« La belle-mère » de Sally Hepworth

Edition L’Archipel 360 pages 20/08/2020

Une belle-mère, sacré sujet de discussion, adorée ou détestée, parfois moquée, … En tout cas elle est rarement absente des pensées d’un couple.

Sally Hepworth, auteure australienne en a fait le thème principal pour ce roman à suspense. En effet Diana (la belle-mère) et Lucy (La belle-fille) sont les personnages centraux de ce récit, ou plutôt la relation qui les lie en est le principal moteur. Et cette relation évoluera au cours de leur vie.

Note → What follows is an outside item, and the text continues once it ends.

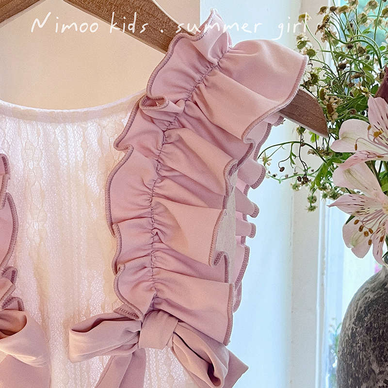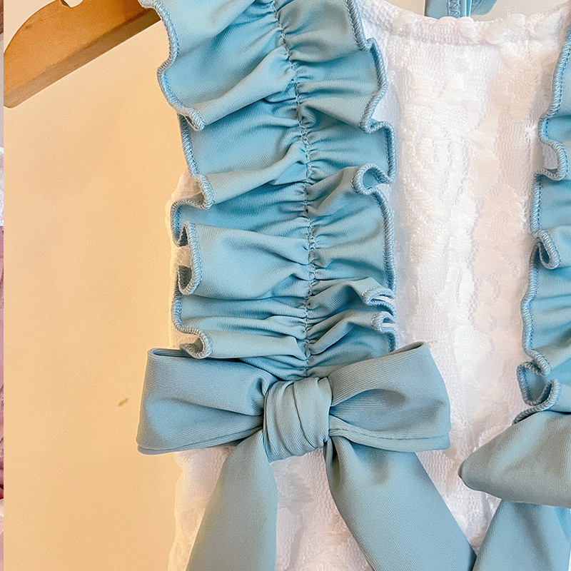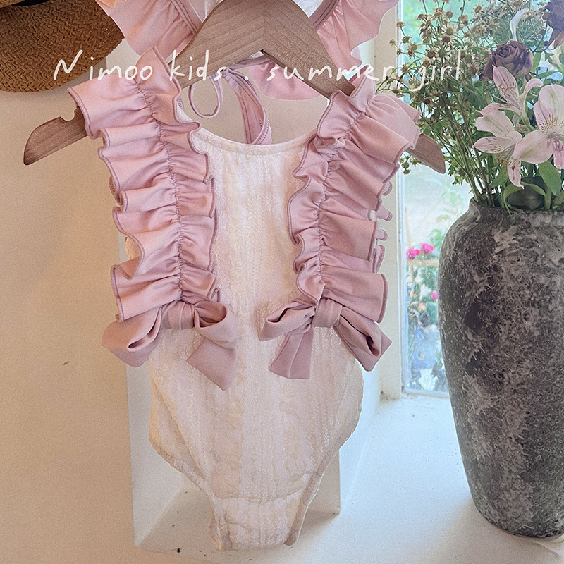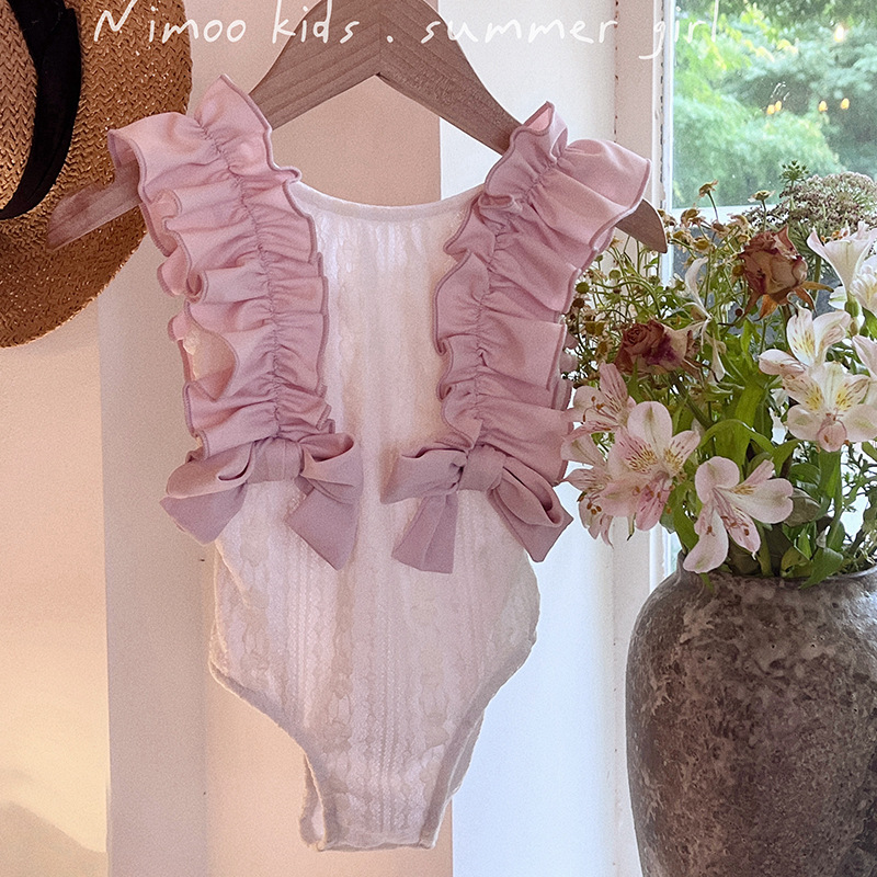 새로운 소녀들의 달콤한 레이스 활 결합 된 모리 어린이 중소 소녀 해변 휴가 수영 세트
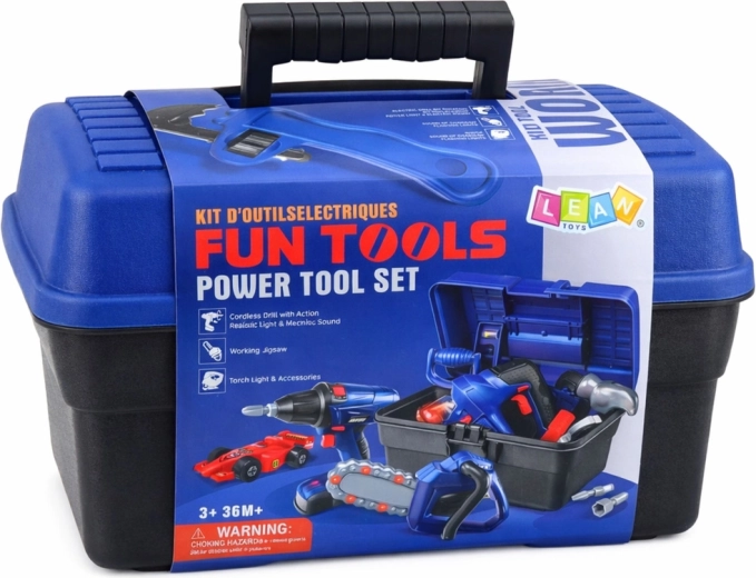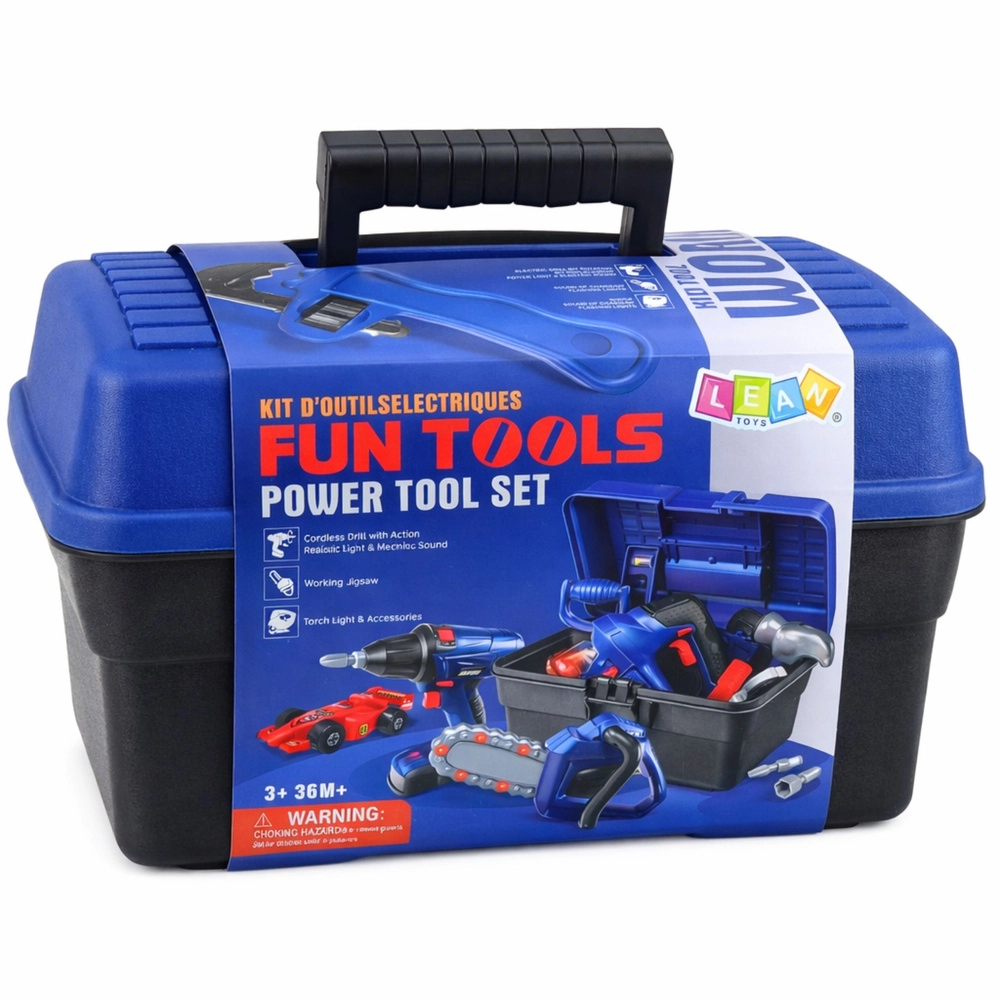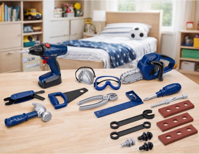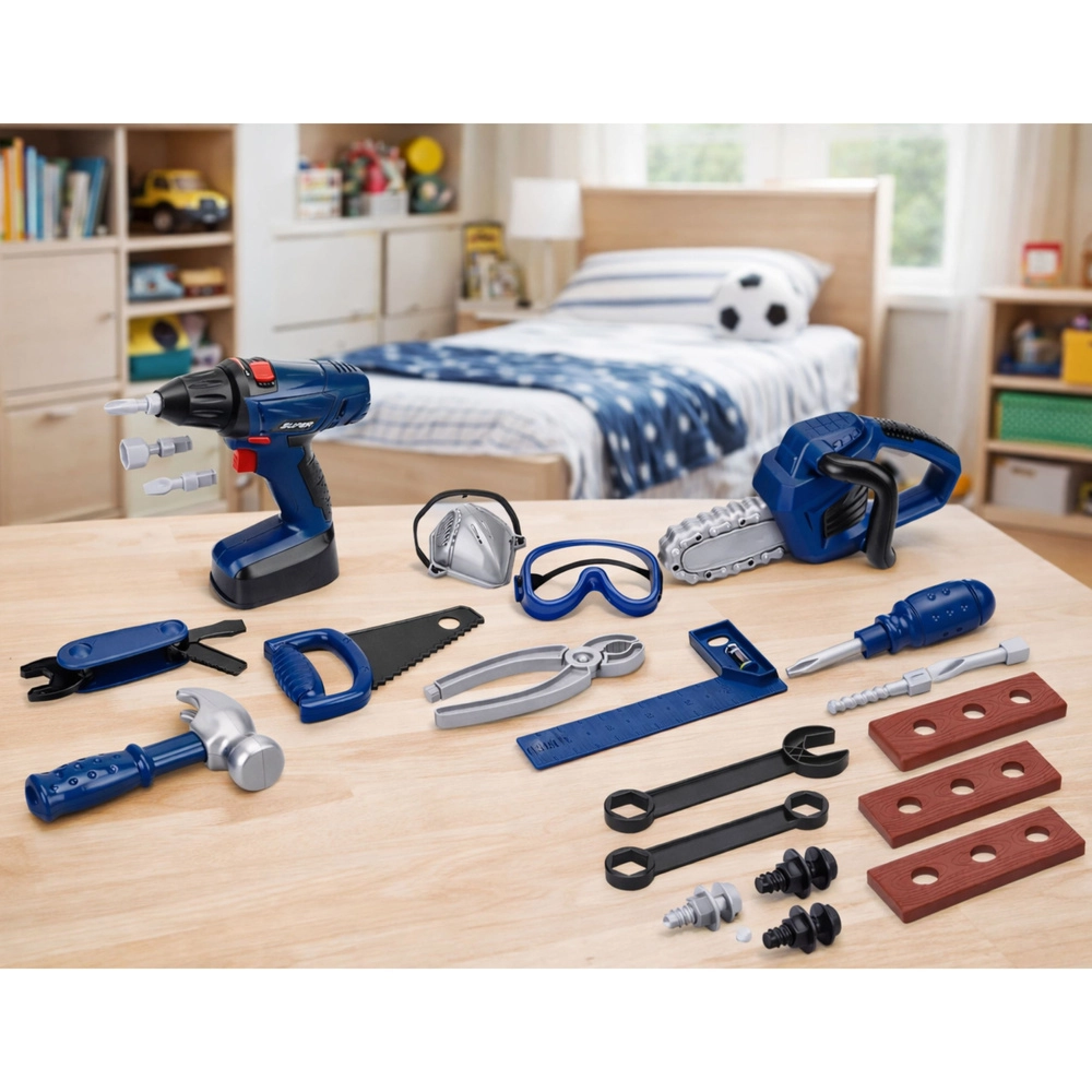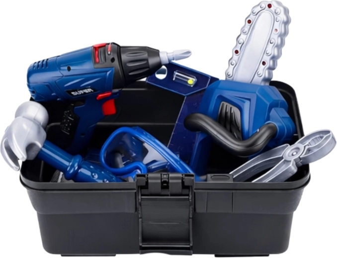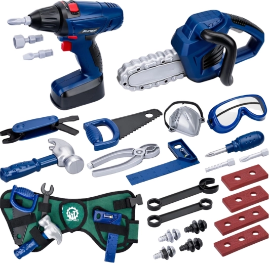 Pratico set di attrezzi per bambini in una valigetta portatile con fino a 30 pezzi per un gioco da piccoli riparatori realistico. Include un avvitatore a batteria, martello, sega, chiavi, cacciavite, pinze, elementi di montaggio e occhiali e maschera protettivi. La plastica leggera e resistente garantisce un utilizzo sicuro e confortevole, mentre la valigetta con manico facilita l'organizzazione e il trasporto.

Ce roman va en remontant le temps. On y apprend le décès de Diana, un suicide apparent mais qui sera traité par les inspecteurs en charge de l’histoire comme un homicide. Nous serons donc transportés à travers le temps du passé de Diana à la rencontre avec Lucy, nous verrons les conséquences de ce décès pour les enfants et leur avenir.

Chaque chapitre est écrit à la première personne et ce mode de narration nous rapproche beaucoup des personnages. Pour chacun d’entre eux, nous n’arrivons pas vraiment à les aimer ou les détester totalement à l’image de Diana donc belle-mère parfois exécrable mais merveilleuse grand-mère et une femme qui donne de son temps pour les réfugiés. En fait, ces personnages sont à l’image de beaucoup d’entre nous multi-faces.

J’ai vraiment bien aimé cette lecture même si on peut relever quelques longueurs surtout pour cette galerie de personnages. L’intrigue quant à elle, s’il paraît simple au départ, se complexifie et son dénouement vous surprendra.

« Victime 55 » de James Delargy

Voilà longtemps qu’en matière de thriller, je n’avais pas fait d’infidélité à nos chers auteurs français. C’est chose faite avec ce thriller australien écrit par un auteur irlandais James Delargy, qui signe ici son premier roman.

Si sur la forme, il reprend beaucoup des codes de ce genre littéraire (tueur en série, meurtres très nombreux, suspens, rebondissements, …), la bourgade australienne dans laquelle se déroule l’histoire, nous apporte une touche d’originalité mais, c’est surtout avec le démarrage de cette histoire que l’auteur fait fort, il nous amène à rencontrer Gabriel et Heath qui tous deux se disent la victime 55 de l’autre en racontant au détail près le même récit. Qui est victime ? Qui est bourreau ? et qui sont les 54 autres victimes ?

Chandler, le jeune chef de la police locale, perdu comme nous face à ces deux « victimes » devra pour épauler son équipe faire appel à Mitch son supérieur en poste dans la plus grosse ville du secteur à environ deux heures de routes, avec lequel il partage un peu plus qu’un passé.

J’ai vraiment apprécié ce livre, même si, un peu comme je trouve, dans les romans d’Harlan Coben par exemple, l’auteur ne prend pas beaucoup de risques et nous déroule une histoire bien ficelée parcourue de quelques passages un peu longuets.

Merci à HarperCollins France et à NetGalley pour l’envoi de ce service presse.